What to work on:
Could you copy the records below exactly, keeping none of the images?

========

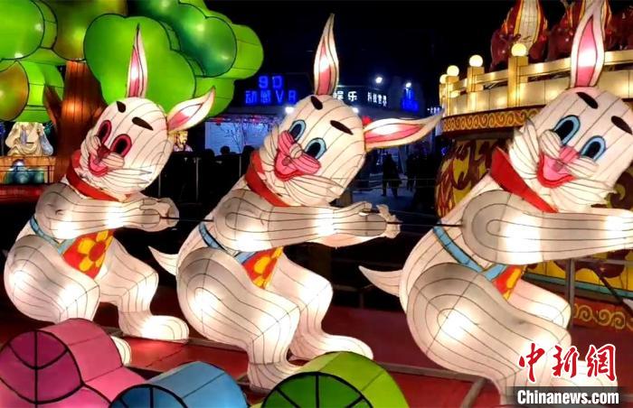 “这组花灯一共设计了10只兔子,穿得喜气洋洋拔中间的‘福’萝卜,寓意新年福气满满。”张向仁指着“兔子拔河”花灯说,他巧设“机关”,利用机械装置让兔子动起来,更具趣味性和互动性。
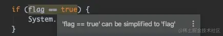 关于上述的示例代码,编译器或许会在第二个 if 语句提醒你可以 Simplify,当你执行简化以后你会发现它将 if (flag == true) 变成了 if (flag),如下图所示。
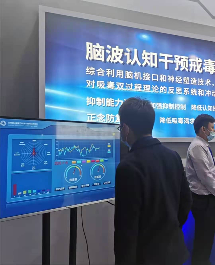 视友科技在本次展会上推出了脑电波认知行为疗法戒毒的两大产品,迈思睿认知能力干预戒毒及佰意通正念防复吸戒毒脑机接口产品。
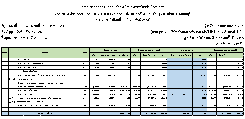 3.1 สรุปผลความก้าวหน้าของงานก่อสร้างโครงการ
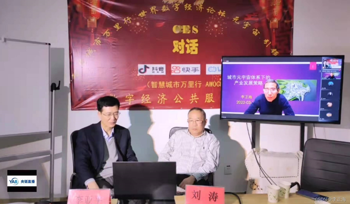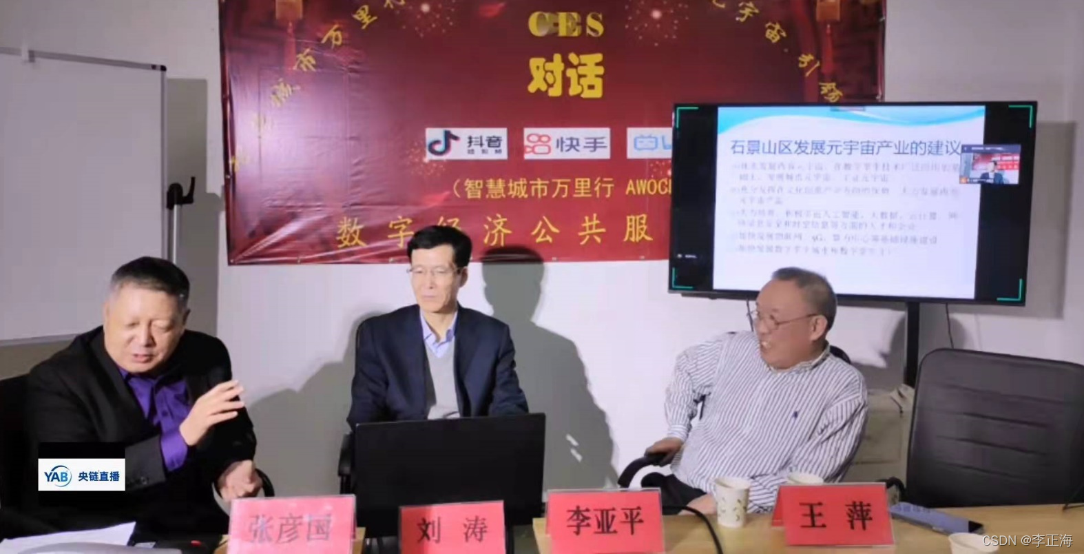 中国移动通信联合会元宇宙产业委员会联席秘书长、北京金山顶尖科技股份有限公司元宇宙研究院院长李正海组织百城万项.石景山元宇宙发展暨工业元宇宙三人行直播第四期活动并做《城市元宇宙体系下的产业发展策略》
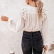 Sexy V-neck Puff Sleeve Knotted Hem Ruffle Chiffon Top
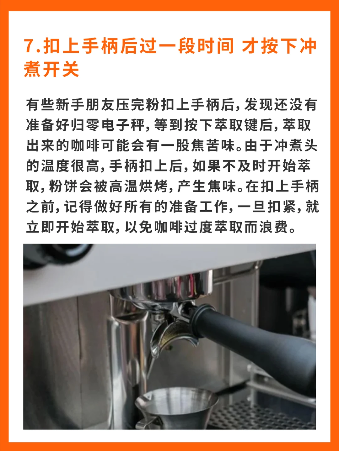 7. 扣上手柄后过一段时间才按下冲煮开关
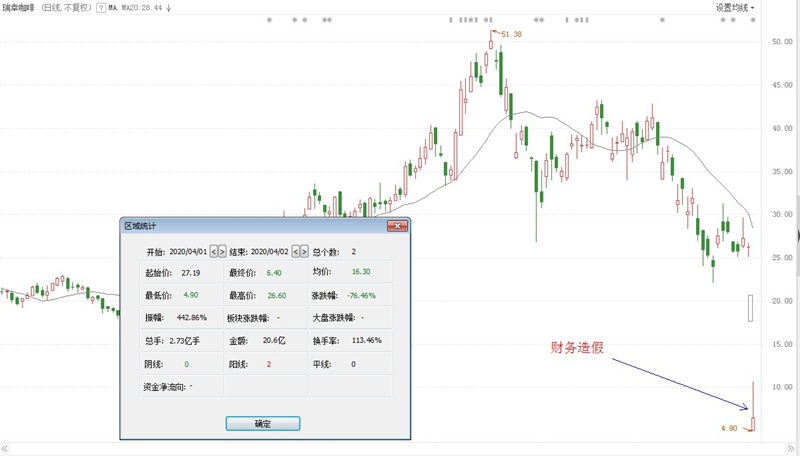 知名中概股瑞幸咖啡传出财务造假丑闻,其COO刘剑伙同下属使用非正常手段虚增22亿交易额,并对营销费用进行人为调整。消息公布后,瑞幸咖啡大跌80%以上,最低触及4.9美元/股。
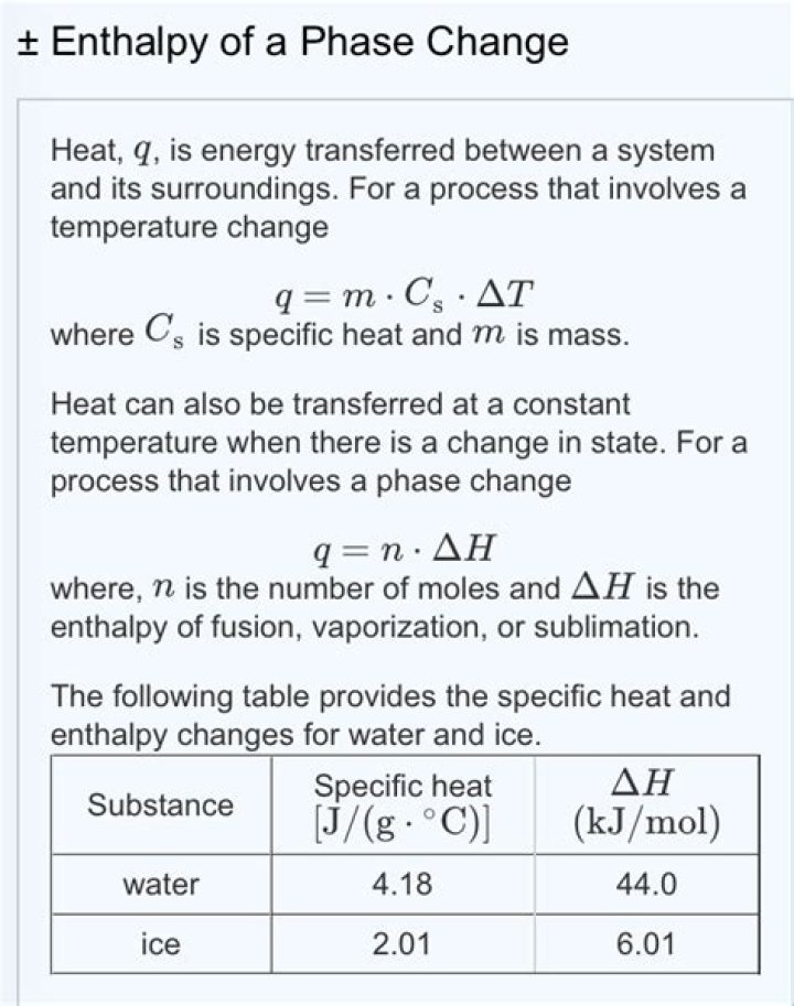 The formula q = mc∆T can be used to calculate the enthalpy change per mole of a substance which dissolves in water to form a solution. When an acid reacts with an alkali, a neutralisation reaction occurs. The enthalpy change of the neutralisation reaction can be calculated per mole of water formed in the reaction.

========

Expected output:
 “这组花灯一共设计了10只兔子,穿得喜气洋洋拔中间的‘福’萝卜,寓意新年福气满满。”张向仁指着“兔子拔河”花灯说,他巧设“机关”,利用机械装置让兔子动起来,更具趣味性和互动性。
 关于上述的示例代码,编译器或许会在第二个 if 语句提醒你可以 Simplify,当你执行简化以后你会发现它将 if (flag == true) 变成了 if (flag),如下图所示。
 视友科技在本次展会上推出了脑电波认知行为疗法戒毒的两大产品,迈思睿认知能力干预戒毒及佰意通正念防复吸戒毒脑机接口产品。
 3.1 สรุปผลความก้าวหน้าของงานก่อสร้างโครงการ
 中国移动通信联合会元宇宙产业委员会联席秘书长、北京金山顶尖科技股份有限公司元宇宙研究院院长李正海组织百城万项.石景山元宇宙发展暨工业元宇宙三人行直播第四期活动并做《城市元宇宙体系下的产业发展策略》
 Sexy V-neck Puff Sleeve Knotted Hem Ruffle Chiffon Top
 7. 扣上手柄后过一段时间才按下冲煮开关
 知名中概股瑞幸咖啡传出财务造假丑闻,其COO刘剑伙同下属使用非正常手段虚增22亿交易额,并对营销费用进行人为调整。消息公布后,瑞幸咖啡大跌80%以上,最低触及4.9美元/股。
 The formula q = mc∆T can be used to calculate the enthalpy change per mole of a substance which dissolves in water to form a solution. When an acid reacts with an alkali, a neutralisation reaction occurs. The enthalpy change of the neutralisation reaction can be calculated per mole of water formed in the reaction.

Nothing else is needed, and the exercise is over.